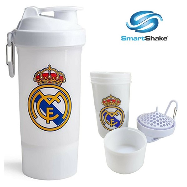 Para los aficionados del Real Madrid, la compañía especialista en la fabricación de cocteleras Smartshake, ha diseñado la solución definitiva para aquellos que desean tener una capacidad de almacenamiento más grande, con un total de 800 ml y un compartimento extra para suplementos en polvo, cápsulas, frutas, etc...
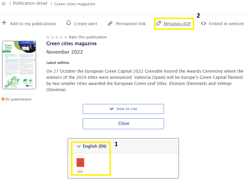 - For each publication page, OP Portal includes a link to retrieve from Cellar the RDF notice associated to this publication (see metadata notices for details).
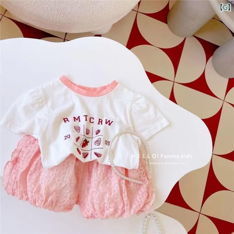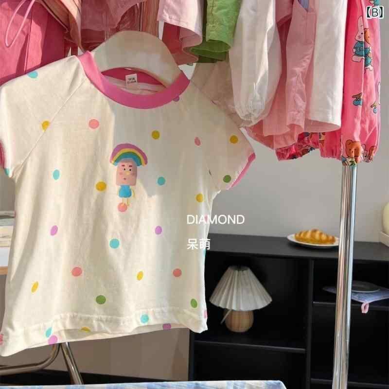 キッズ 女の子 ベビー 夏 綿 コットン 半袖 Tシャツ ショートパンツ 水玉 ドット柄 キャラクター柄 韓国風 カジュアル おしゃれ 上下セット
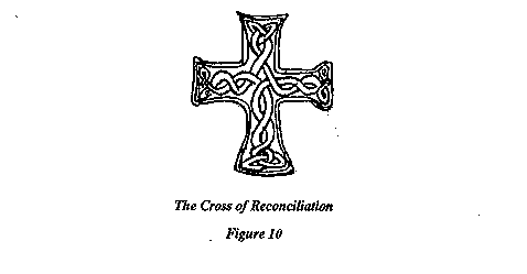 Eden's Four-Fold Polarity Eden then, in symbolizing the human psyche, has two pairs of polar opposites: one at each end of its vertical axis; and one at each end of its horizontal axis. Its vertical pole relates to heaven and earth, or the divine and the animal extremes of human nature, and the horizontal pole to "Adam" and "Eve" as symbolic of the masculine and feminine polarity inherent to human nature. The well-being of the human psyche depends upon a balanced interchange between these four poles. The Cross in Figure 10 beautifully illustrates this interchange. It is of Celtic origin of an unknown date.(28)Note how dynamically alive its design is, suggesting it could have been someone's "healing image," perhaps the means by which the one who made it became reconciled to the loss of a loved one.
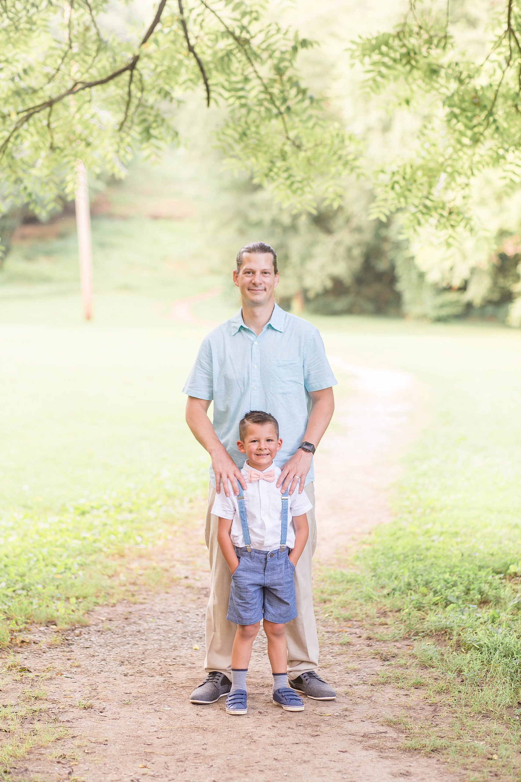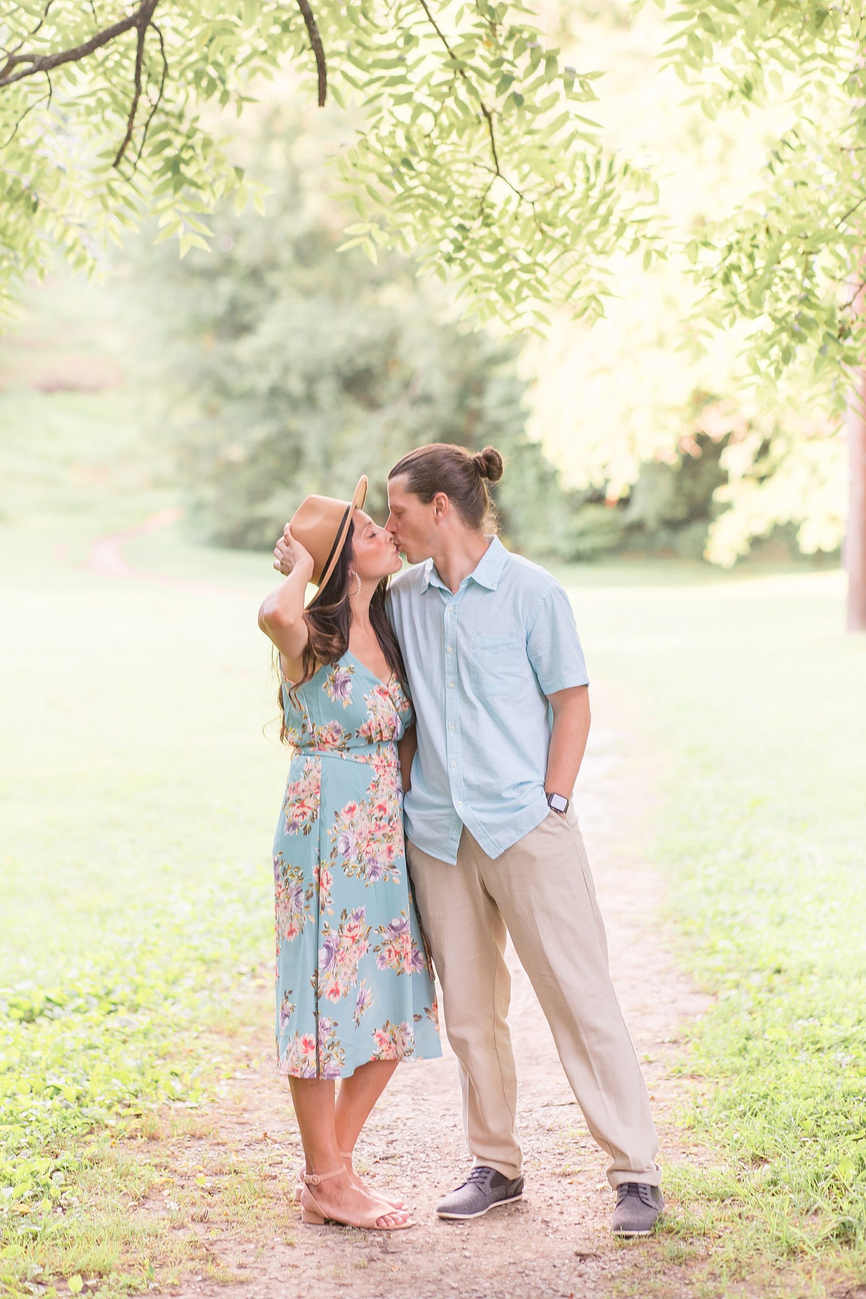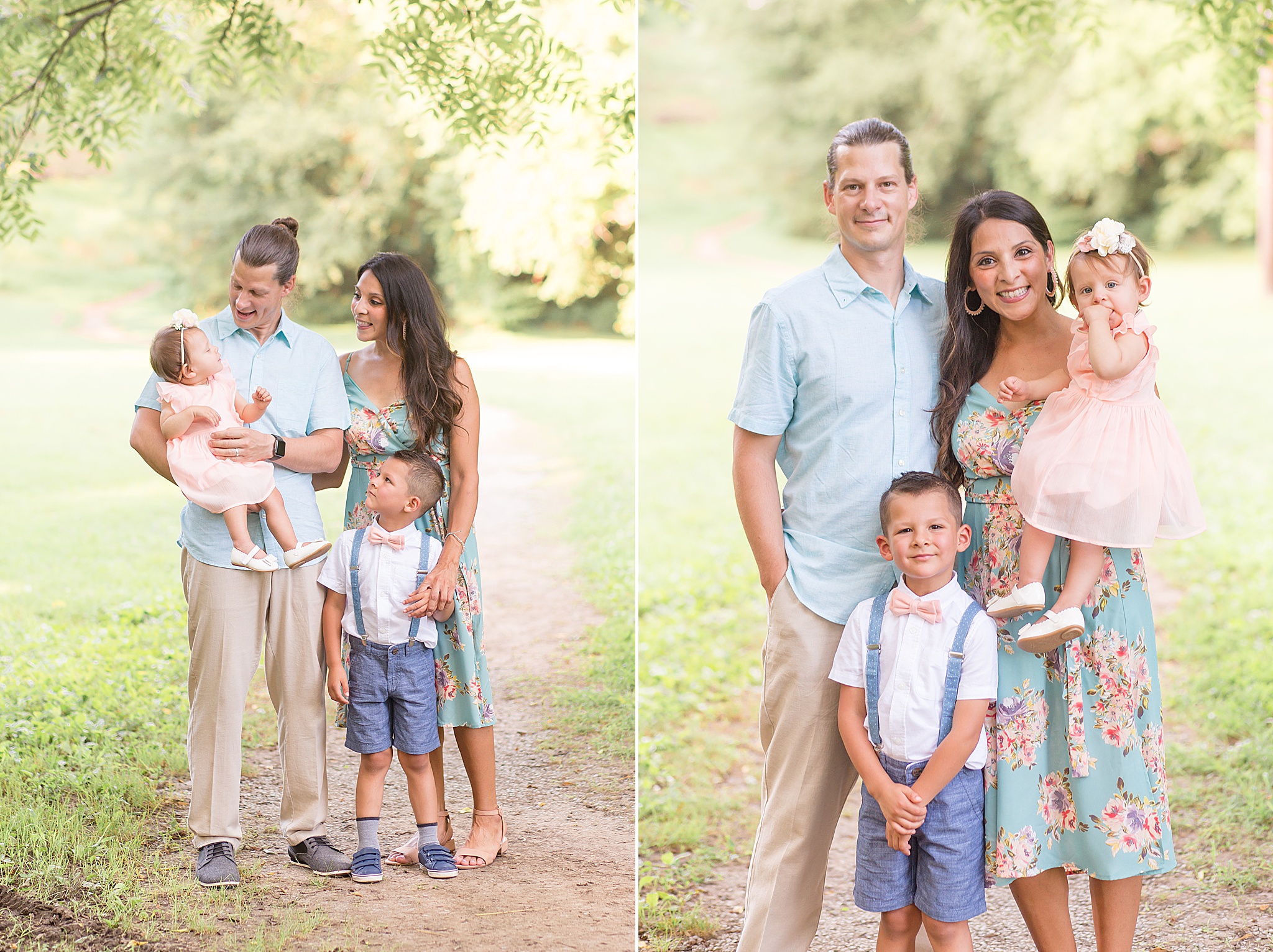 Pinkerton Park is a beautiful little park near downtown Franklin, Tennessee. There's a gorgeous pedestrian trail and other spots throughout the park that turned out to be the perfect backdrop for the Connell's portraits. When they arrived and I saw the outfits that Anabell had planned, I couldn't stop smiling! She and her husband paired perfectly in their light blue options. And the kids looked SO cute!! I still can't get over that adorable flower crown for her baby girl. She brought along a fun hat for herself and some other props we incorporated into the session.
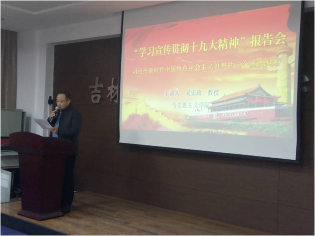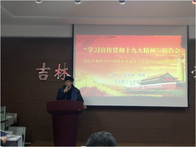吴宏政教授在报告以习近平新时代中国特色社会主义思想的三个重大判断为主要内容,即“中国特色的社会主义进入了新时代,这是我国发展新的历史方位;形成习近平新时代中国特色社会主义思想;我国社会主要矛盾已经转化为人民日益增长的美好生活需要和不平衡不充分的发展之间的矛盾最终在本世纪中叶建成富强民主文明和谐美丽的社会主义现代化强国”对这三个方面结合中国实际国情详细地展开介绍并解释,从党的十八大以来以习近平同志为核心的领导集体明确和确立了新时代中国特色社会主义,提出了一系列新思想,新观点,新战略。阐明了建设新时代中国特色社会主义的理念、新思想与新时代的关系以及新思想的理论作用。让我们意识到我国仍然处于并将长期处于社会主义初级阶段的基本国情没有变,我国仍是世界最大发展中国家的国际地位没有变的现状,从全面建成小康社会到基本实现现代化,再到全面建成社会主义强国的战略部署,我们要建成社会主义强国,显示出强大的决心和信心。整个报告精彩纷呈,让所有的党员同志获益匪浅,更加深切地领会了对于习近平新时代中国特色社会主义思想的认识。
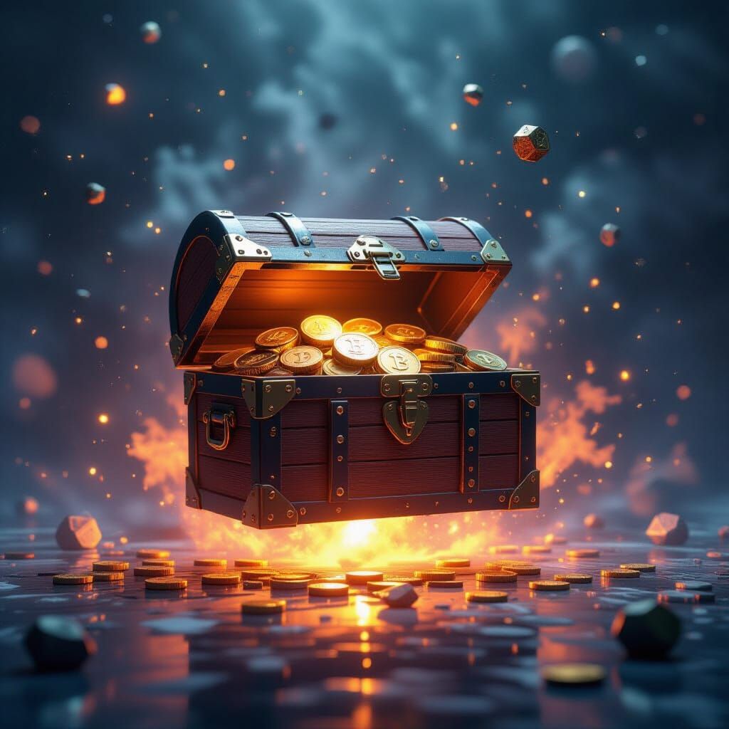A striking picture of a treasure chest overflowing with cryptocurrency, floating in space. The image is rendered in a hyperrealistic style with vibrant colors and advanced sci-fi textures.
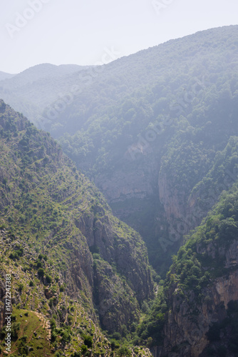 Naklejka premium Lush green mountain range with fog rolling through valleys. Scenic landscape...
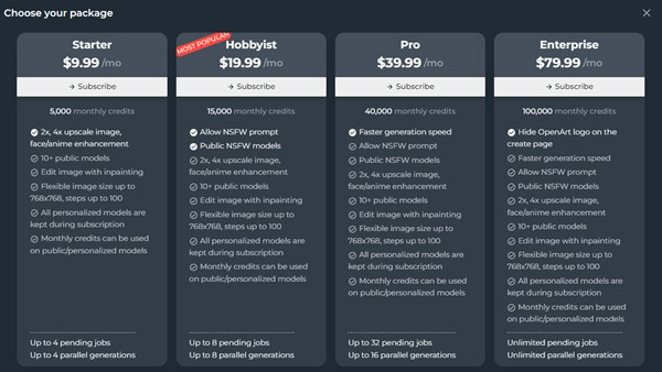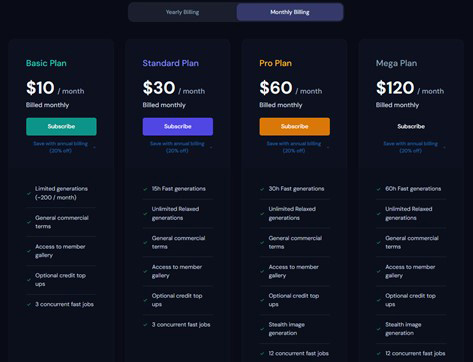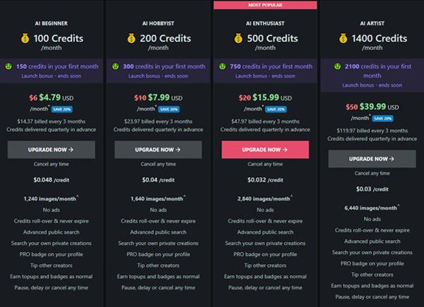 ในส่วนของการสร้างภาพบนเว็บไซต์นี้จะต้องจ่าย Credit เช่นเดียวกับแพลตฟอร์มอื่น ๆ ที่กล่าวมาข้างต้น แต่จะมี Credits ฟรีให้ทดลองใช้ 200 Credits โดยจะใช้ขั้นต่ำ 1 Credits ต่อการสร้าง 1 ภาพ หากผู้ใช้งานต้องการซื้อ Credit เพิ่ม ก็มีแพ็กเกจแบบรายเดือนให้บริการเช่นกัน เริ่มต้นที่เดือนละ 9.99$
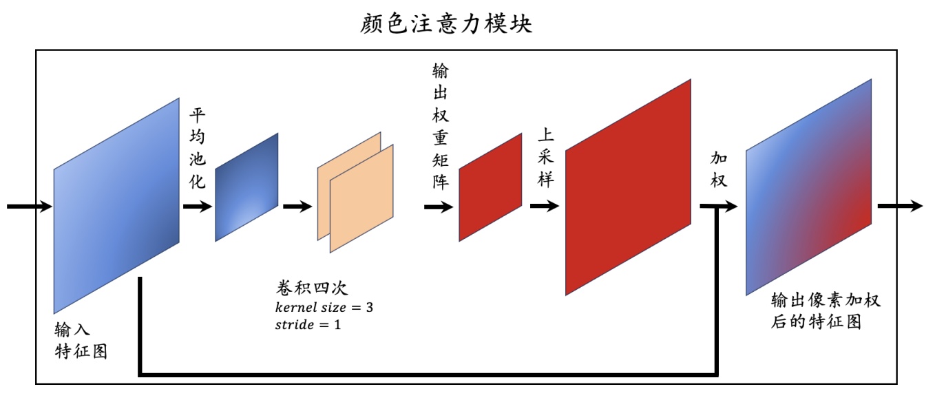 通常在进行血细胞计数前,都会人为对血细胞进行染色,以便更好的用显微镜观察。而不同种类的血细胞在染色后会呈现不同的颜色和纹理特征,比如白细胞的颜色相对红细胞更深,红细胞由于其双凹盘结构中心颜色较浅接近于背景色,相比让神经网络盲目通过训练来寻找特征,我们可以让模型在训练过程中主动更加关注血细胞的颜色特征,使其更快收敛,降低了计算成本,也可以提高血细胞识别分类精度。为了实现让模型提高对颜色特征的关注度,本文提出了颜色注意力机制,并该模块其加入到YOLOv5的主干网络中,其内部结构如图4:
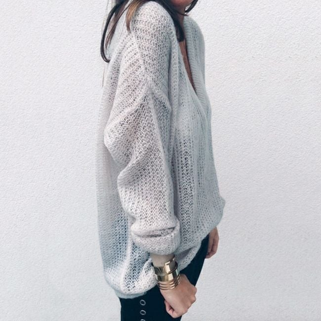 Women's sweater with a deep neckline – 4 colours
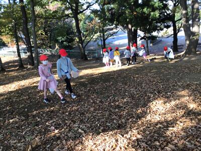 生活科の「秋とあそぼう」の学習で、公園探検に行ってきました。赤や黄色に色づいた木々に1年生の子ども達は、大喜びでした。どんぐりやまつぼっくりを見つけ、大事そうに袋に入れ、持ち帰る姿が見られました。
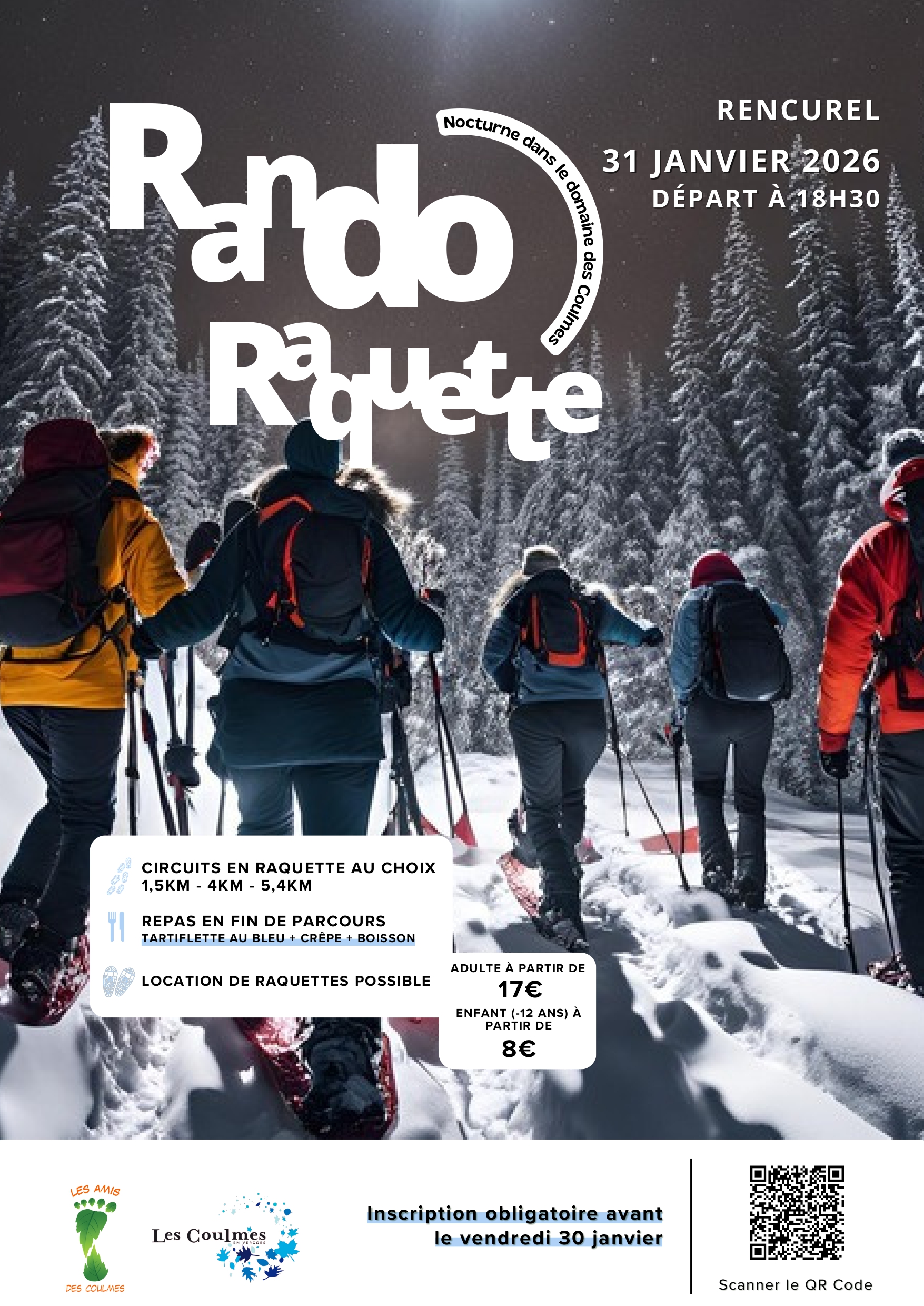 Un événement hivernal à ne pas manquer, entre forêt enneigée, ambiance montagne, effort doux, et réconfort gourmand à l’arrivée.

※

**Exercise objective**
The response must match the data line for line, from its first line through the line with "キッズ 女の子 ベビー", inclusive, and must leave out the pictures.

**Your solution**
 Para los aficionados del Real Madrid, la compañía especialista en la fabricación de cocteleras Smartshake, ha diseñado la solución definitiva para aquellos que desean tener una capacidad de almacenamiento más grande, con un total de 800 ml y un compartimento extra para suplementos en polvo, cápsulas, frutas, etc...
 - For each publication page, OP Portal includes a link to retrieve from Cellar the RDF notice associated to this publication (see metadata notices for details).
 キッズ 女の子 ベビー 夏 綿 コットン 半袖 Tシャツ ショートパンツ 水玉 ドット柄 キャラクター柄 韓国風 カジュアル おしゃれ 上下セット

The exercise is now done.